===== Information provided
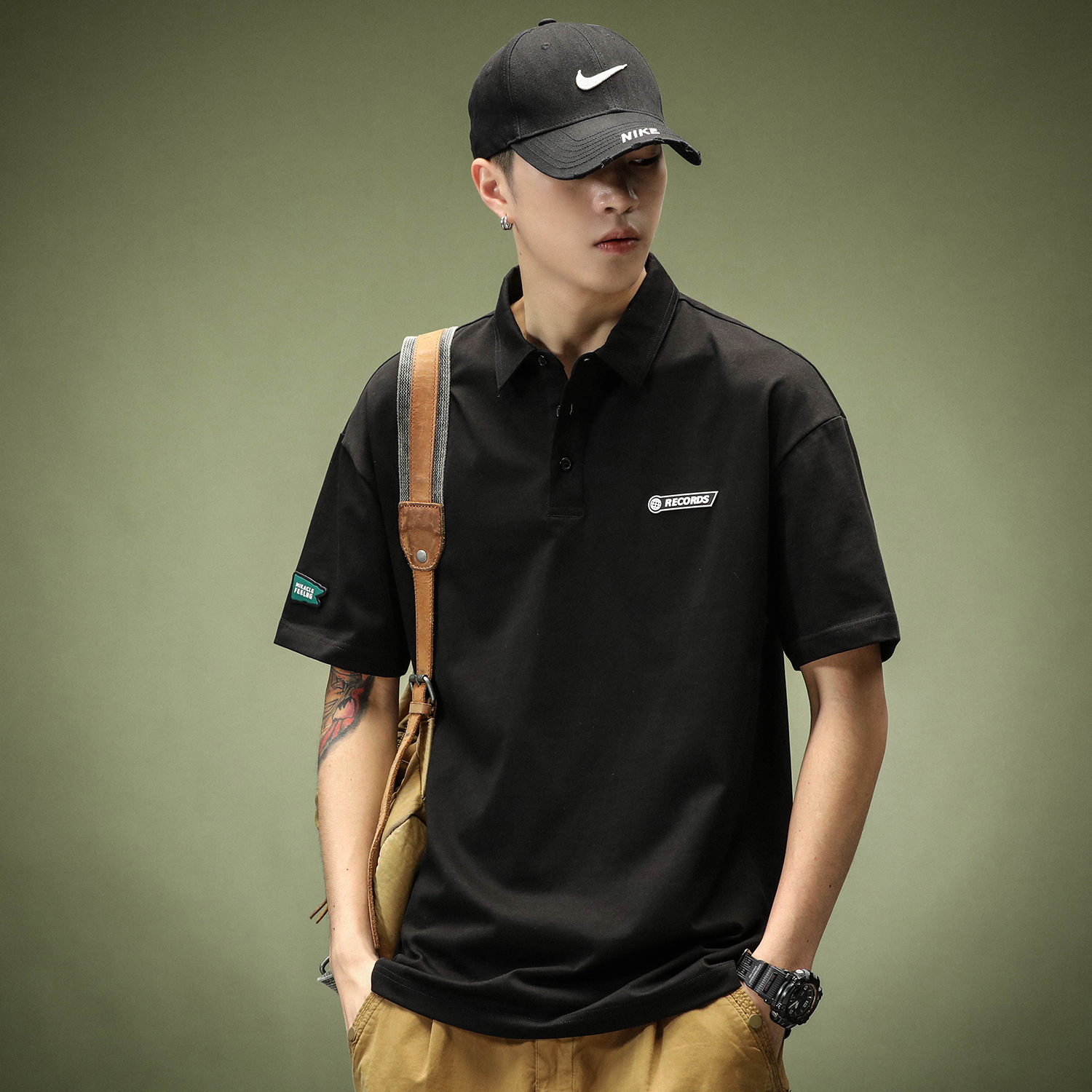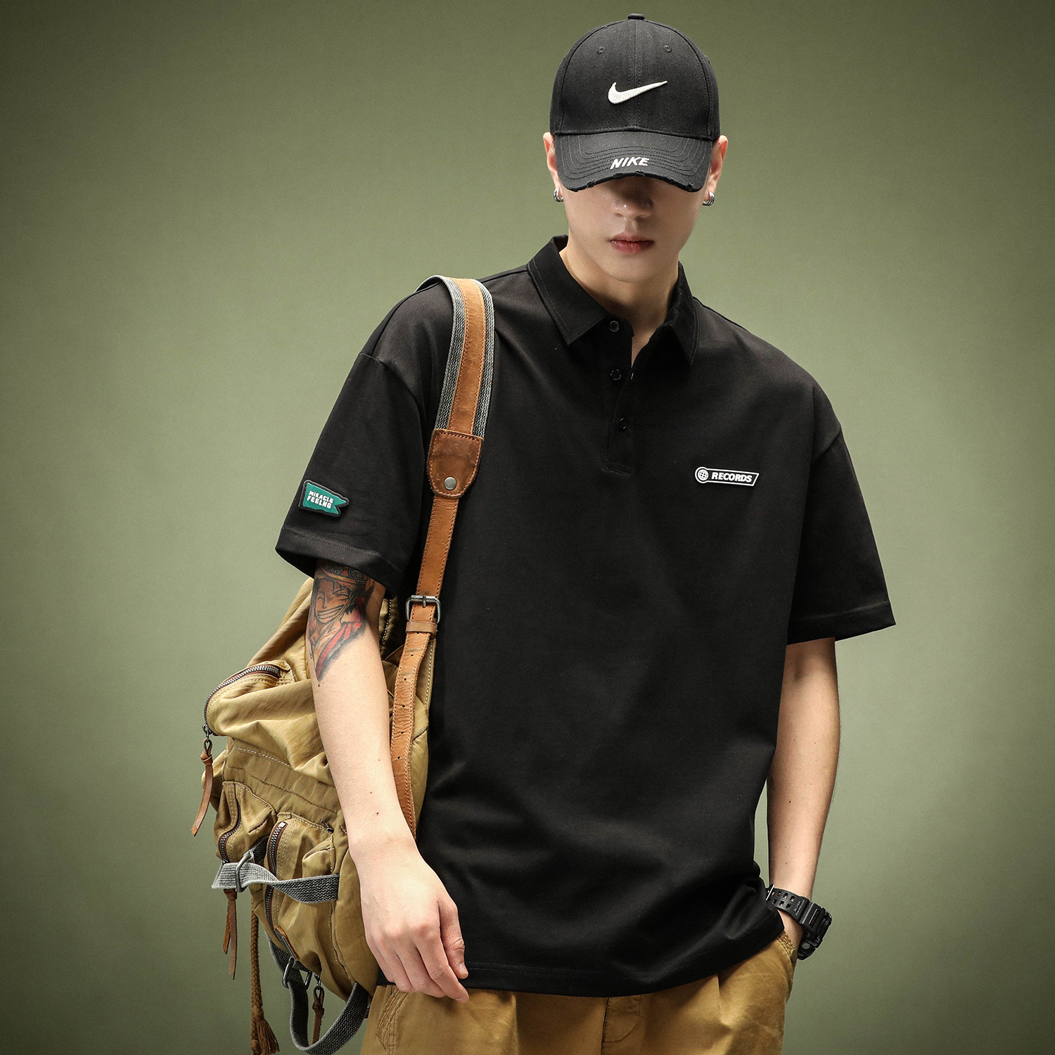 日系翻领polo衫短袖男痞帅百搭高级感纯棉t恤夏季宽松带领上衣潮
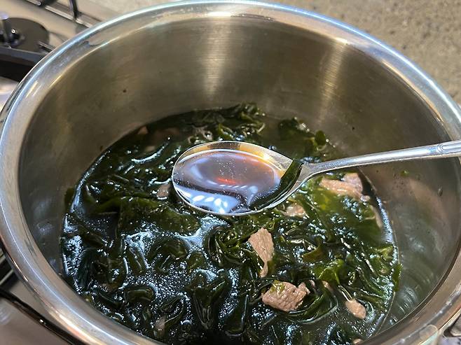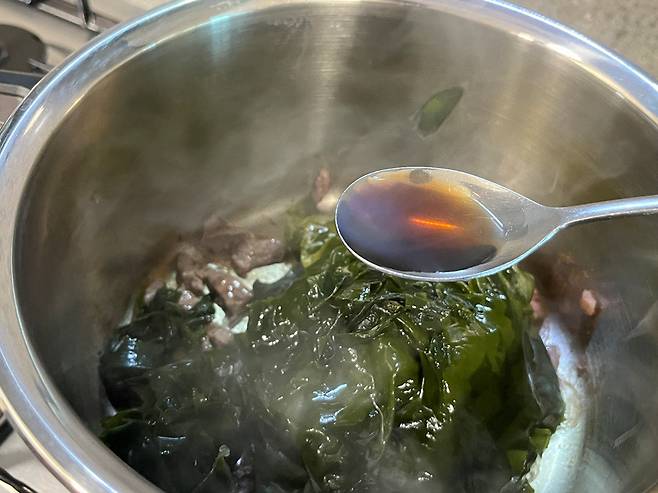 국간장 2~3 스푼을 추가하여 국물 맛을 냅니다. 저는 미역국 끓일 때 국간장으로만 간 하는 것을 추천해요. 그래야 텁텁함 없이 깔끔한 맛을 느낄 수 있습니다.
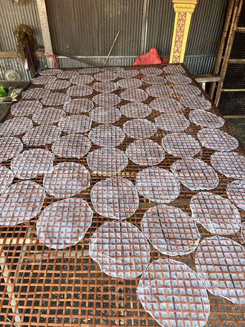 230) Rice Paper Shop, Bicycle Tour, Battambang, Cambodia, March 5, 2025 - As with the potter we saw the previous day this involves a lot of work for low pay. On a warm, sunny day the family can make about 2,200 individual pieces. These are then bundled into packets of 100 which then sell for $3. If the day is rainy or cloudy they can’t produce so income dries up (excuse the pun) because they can’t air dry their rice paper. We got to learn about the entire process and to watch them crank out about a hundred while we were there. A really fascinating view into the small business that is behind something that is so ubiquitous in the culture.
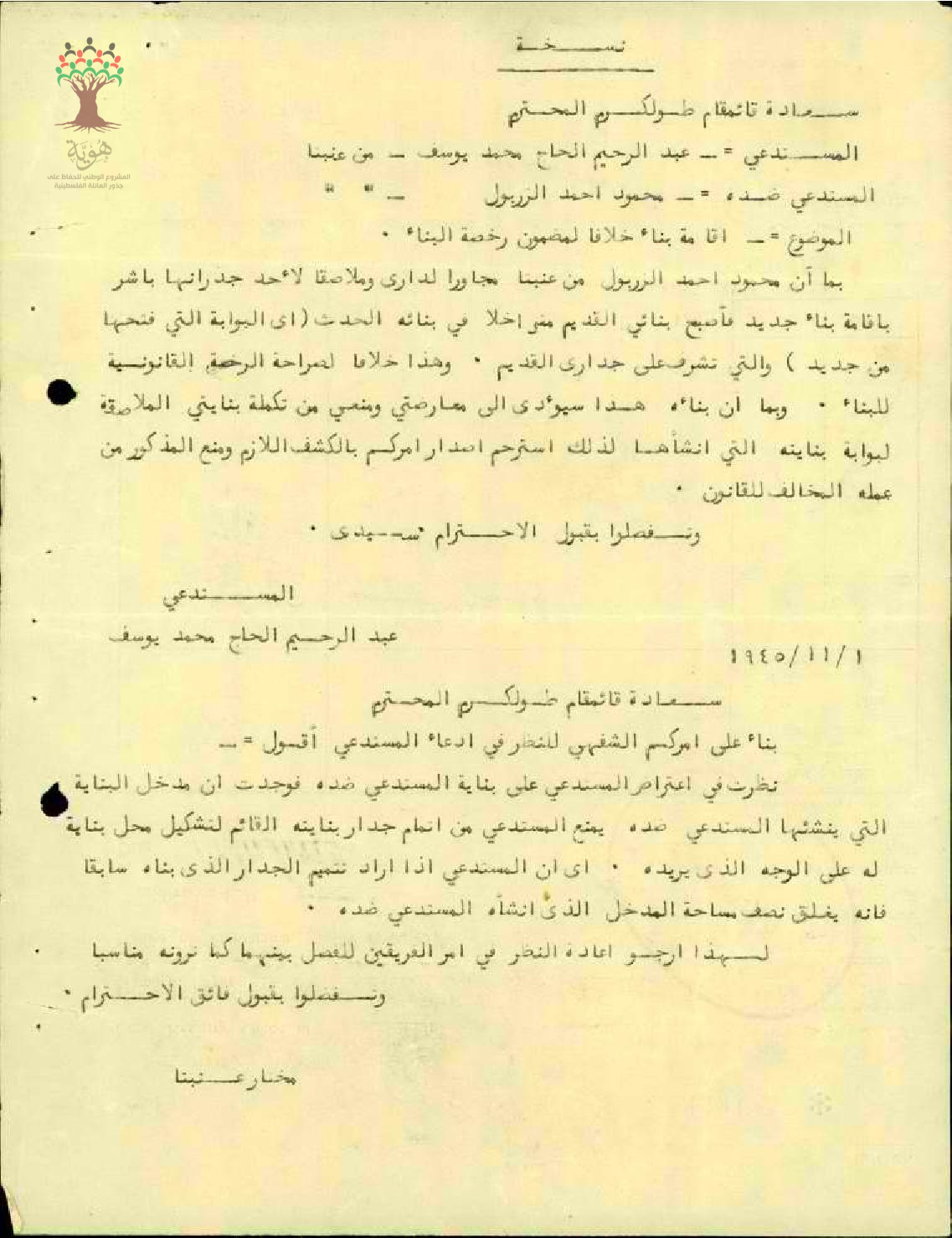 رسالة من عبد الرحيم الحاج محمد يوسف إلى قائمقام طولكرم ضد محمود أحمد الزربول
==========
Task directions.
Every line of the listing is to be retyped exactly; pictures stay out.

Response.
 日系翻领polo衫短袖男痞帅百搭高级感纯棉t恤夏季宽松带领上衣潮
 국간장 2~3 스푼을 추가하여 국물 맛을 냅니다. 저는 미역국 끓일 때 국간장으로만 간 하는 것을 추천해요. 그래야 텁텁함 없이 깔끔한 맛을 느낄 수 있습니다.
 230) Rice Paper Shop, Bicycle Tour, Battambang, Cambodia, March 5, 2025 - As with the potter we saw the previous day this involves a lot of work for low pay. On a warm, sunny day the family can make about 2,200 individual pieces. These are then bundled into packets of 100 which then sell for $3. If the day is rainy or cloudy they can’t produce so income dries up (excuse the pun) because they can’t air dry their rice paper. We got to learn about the entire process and to watch them crank out about a hundred while we were there. A really fascinating view into the small business that is behind something that is so ubiquitous in the culture.
 رسالة من عبد الرحيم الحاج محمد يوسف إلى قائمقام طولكرم ضد محمود أحمد الزربول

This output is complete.